Chapter 23: Problem 28

Fully stripped (all electrons removed) sulfur \(\left({ }^{32} \mathrm{~S}\right)\) ions are accelerated in an accelerator from rest using a total voltage of \(1.00 \cdot 10^{9} \mathrm{~V}\). \({ }^{32} \mathrm{~S}\) has 16 protons and 16 neutrons. The accelerator produces a beam consisting of \(6.61 \cdot 10^{12}\) ions per second. This beam of ions is completely stopped in a beam dump. What is the total power the beam dump has to absorb?

Short Answer

Expert verified

Answer: The total power the beam dump must absorb is approximately 1.69 x 10^4 W or 16.9 kW.

Step by step solution

Calculate the charge of the sulfur ion

Since sulfur has 16 protons and is fully stripped (meaning no electrons are present), the charge of one sulfur ion is the charge of 16 protons. The charge of one proton is \(1.60 \times 10^{-19} \mathrm{C}\). So the charge of the sulfur ion can be calculated as: \(q = 16 \times 1.60 \times 10^{-19} \mathrm{C} = 2.56 \times 10^{-18} \mathrm{C}\)

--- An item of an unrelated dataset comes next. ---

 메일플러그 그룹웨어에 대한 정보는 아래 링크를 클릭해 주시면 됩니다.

Calculate the kinetic energy of one ion

The potential energy gained by one ion from the given voltage is equal to the kinetic energy of the ion. We can determine the kinetic energy using the equation: \(KE = qV\), where \(q\) is the charge of the ion and \(V\) is the voltage. Therefore, \(KE = (2.56 \times 10^{-18} \mathrm{C})(1.00 \times 10^{9} \mathrm{V}) = 2.56 \times 10^{-9} \mathrm{J}\)

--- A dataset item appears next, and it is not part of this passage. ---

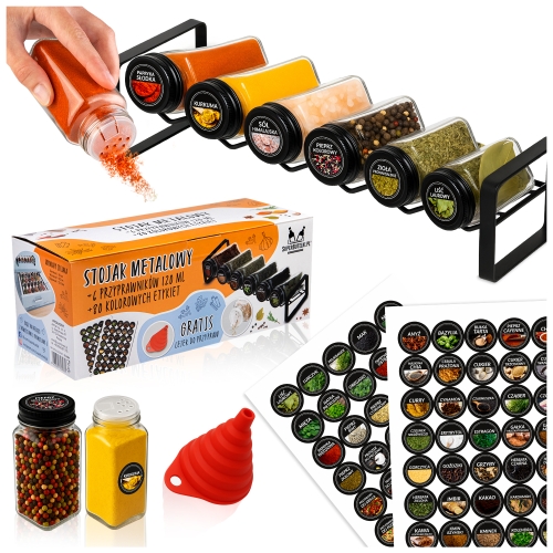 Przyprawnik metalowy stojak FALA + 6x słoiczki na przyprawy + 80x naklejki + lejek GRATIS

Calculate the kinetic energy of all ions per second

We know that the accelerator produces \(6.61 \times 10^{12}\) ions per second. So, the total kinetic energy of all ions per second will be: \(KE_{total} = (6.61 \times 10^{12} \text{ ions/s})(2.56 \times 10^{-9} \mathrm{J/ion}) = 1.69 \times 10^{4} \mathrm{J/s}\)

Find the total power that the beam dump has to absorb

Since power is defined as the amount of energy transferred per unit time, the total power that the beam dump has to absorb can be inferred from the total kinetic energy of all ions per second. In this case, the power is equal to: \(P = 1.69 \times 10^{4} \mathrm{J/s}\) So, the total power the beam dump must absorb is approximately \(1.69 \times 10^{4} \mathrm{W}\) or \(16.9 \mathrm{kW}\).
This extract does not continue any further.